In Largo dei Savorgnan è presente un altro murale, meno raffinato ma altrettanto evocativo, dedicato a Ciro Principessa, un ragazzo che viveva proprio a Certosa, impegnato negli anni ’70 nella lotta politica con i giovani del PCI. Si occupava della Biblioteca Popolare della sezione del Partito Comunista “Nino Franchellucchi”, che aveva sede sulla Casilina. Questa attività costituiva per lui, emigrato dal sud e di estrazione proletaria, un forte motivo di riscatto sociale. Gestiva con passione la biblioteca insieme ai compagni, consapevole che l’emancipazione degli abitanti di un quartiere popolare passa attraverso la cultura. Ma la sua vita fu stroncata a soli 23 anni per mano di un neofascista proveniente dalla sede dell’MSI di Acca Larentia. L’assassino, Claudio Minetti (figlio della compagna dell’estremista di destra Stefano delle Chiaie) il 19 aprile 1979 entrò nella biblioteca, prese un libro rifiutandosi di esibire un documento d’identità, e si allontanò. Ciro Principessa lo seguì in strada per chiedergli spiegazioni e per recuperare il libro, ma raggiunto il giovane neofascista fu da lui accoltellato e il giorno dopo morì a seguito delle ferite. L’assassino, arrestato subito dopo l’accoltellamento e processato per direttissima, fu condannato a dieci anni di manicomio criminale in quanto ritenuto dai periti di allora mentalmente instabile, pena successivamente ridotta, scandalosamente, a quattro anni. Sebbene sia stato dimenticato dalla maggior parte di noi, come del resto lo sono state molte delle vittime degli anni di piombo, a seguito di quasi venti anni di revisionismo storico di destra e di rottamatori senza scrupoli, la memoria di questo ragazzo che si batteva per una società migliore, è stata mantenuta viva dagli abitanti di Certosa. Altro murale degno di menzione si trova all’angolo tra via Alessi e via dei Savorgnan ma di questo so dirvi solo: guardatelo.

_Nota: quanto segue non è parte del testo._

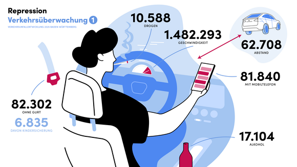 Rund 1,5 Millionen Geschwindigkeitsverstöße hat die Polizei im vergangenen Jahr erfasst. Fast 28.000 Fahrten unter Alkohol-, Drogen- oder Medikamenteneinfluss hat die Polizei verfolgt. Zudem stellte die Polizei rund 82.000 Handyverstöße, mehr als 82.000 Verstöße gegen die Gurt- und Kindersicherungspflicht sowie knapp 63.000 Abstandsverstöße fest. „Die polizeiliche Verkehrsüberwachung setzt an der Wurzel an – dort, wo es nötig ist: bei den Ursachen schwerer Verkehrsunfälle. Das ist kein Selbstzweck, sondern dient der Sicherheit aller“, erläuterte der Minister.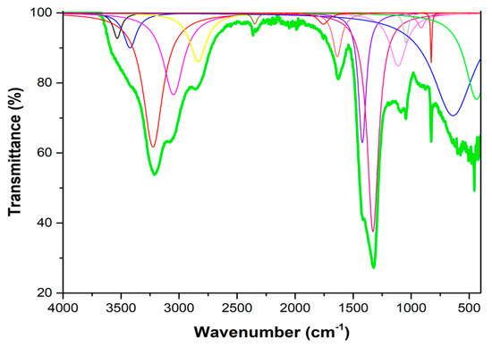 Bare N-CQDs experimental infrared spectrum (green bold line) and its deconvolution (thin lines, various colors). A total of 16 Lorentzian functions was used to fit the total pattern.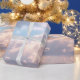 Illuminated pink fluffy clouds in a blue sky wrapping paper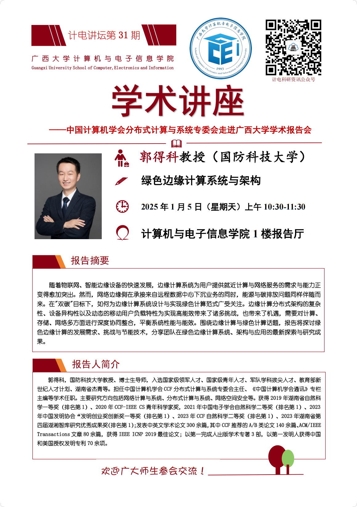 “计电讲坛”系列活动第31期——中国计算机学会分布式计算与系统专委会走进米兰电竞,洞察赛局趋势,定义电竞美学学术报告会:绿色边缘计算系统与架构
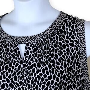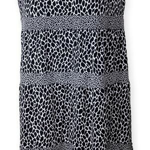 Super flattering Michael Kors midi dress in a black-and-white animal print jersey knit. Tiered skirt, A-line shape, and a chic keyhole neckline. Back zipper, soft stretch, and excellent pre-owned condition. Easy to dress up or down.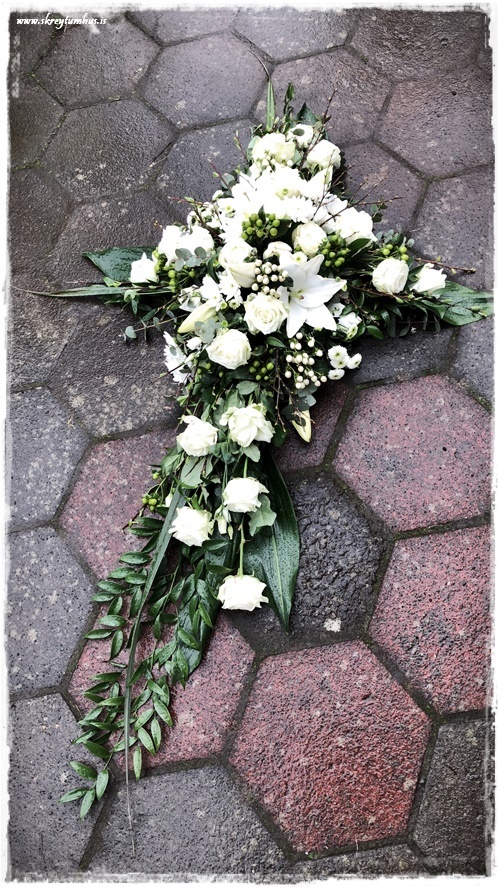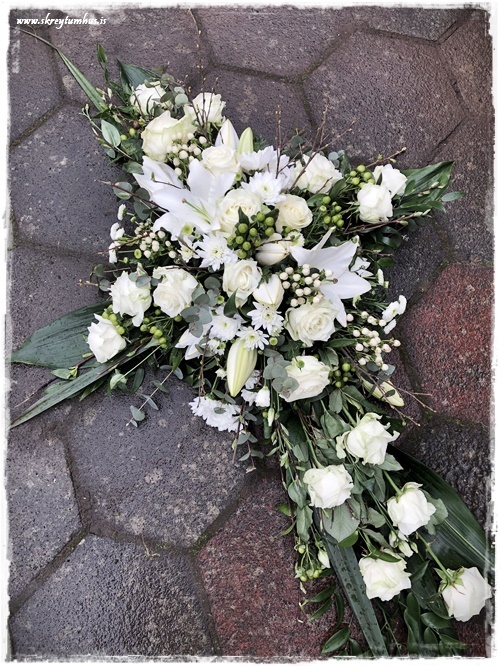 …hér sést síðan kistuskreytingin úti, en eins og þið sjáið kannski þá er útbúinn kross úr blómunum, sést kannski ekki nógu vel á þessi mynd…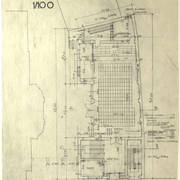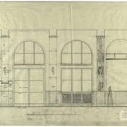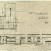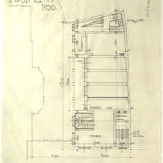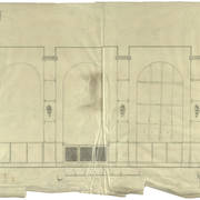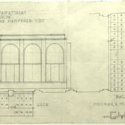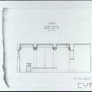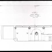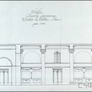 Rysunek projektowy loży i balkonu w sali parterowej domu parafialnego przy kościele św. Marcina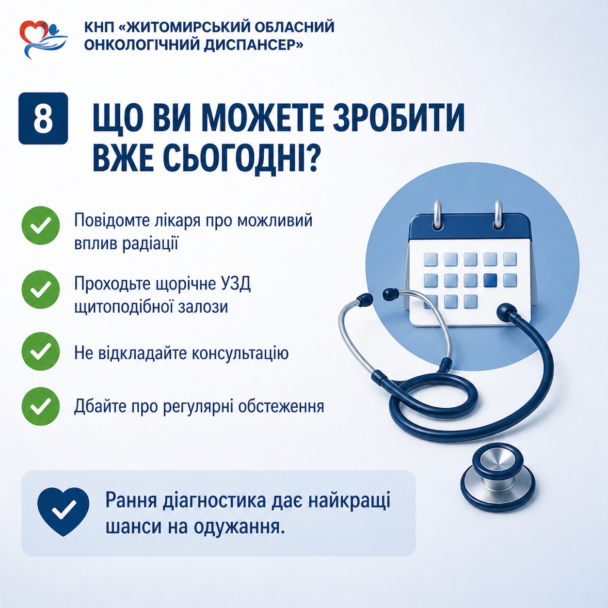 Для збереження здоров’я вкрай важливо повідомляти сімейному лікарю про належність до категорій постраждалих внаслідок аварії. Не варто ігнорувати такі тривожні симптоми, як збільшення лімфовузлів, поява вузликів на шиї чи незрозуміла втомлюваність. Основою профілактики є щорічне УЗД щитоподібної залози, яке є швидким і безболісним методом ранньої діагностики.

Altri scorci suggestivi di Certosa a Roma

Altri scorci suggestivi di Certosa a Roma (Foto di Nicola Pino)

COME ARRIVARE A CERTOSA A ROMA

Il borghetto di Certosa (V Municipio) è delimitato a nord da Via Alessi, ad est da Via Filarete, ad ovest dalla ferrovia Roma-Napoli e a sud da via degli Angeli. Il consiglio è di recarsi sul posto con il pittoresco trenino bianco e giallo che percorre la Casilina dalla Stazione Termini a Giardinetti, scendendo alla fermata Alessi. Il viaggio su questo treno cittadino servirà da introduzione alla passeggiata. Percorsa Via Alessi, procedete e imboccate via B. Centogatti (sulla destra) e proseguite fino a via dei Savorgnan, dove si trova la parte più caratteristica del borgo. Il percorso più breve tra via Casilina fino al termine di via dei Savorgnan è di circa 1.5 km, per lo più in piano. In alcuni tratti non è presente marciapiede, il che potrà creare un po’ di disagio.

[1] Da gentrification, termine coniato dalla sociologa inglese Ruth Glass nel 1964 per indicare i cambiamenti sociali ed urbanistici dovuti all’acquisto di immobili di quartieri popolari da parte della classe benestante con relativa ascesa dei prezzi delle unità immobiliari ed allontanamento del ceto popolare.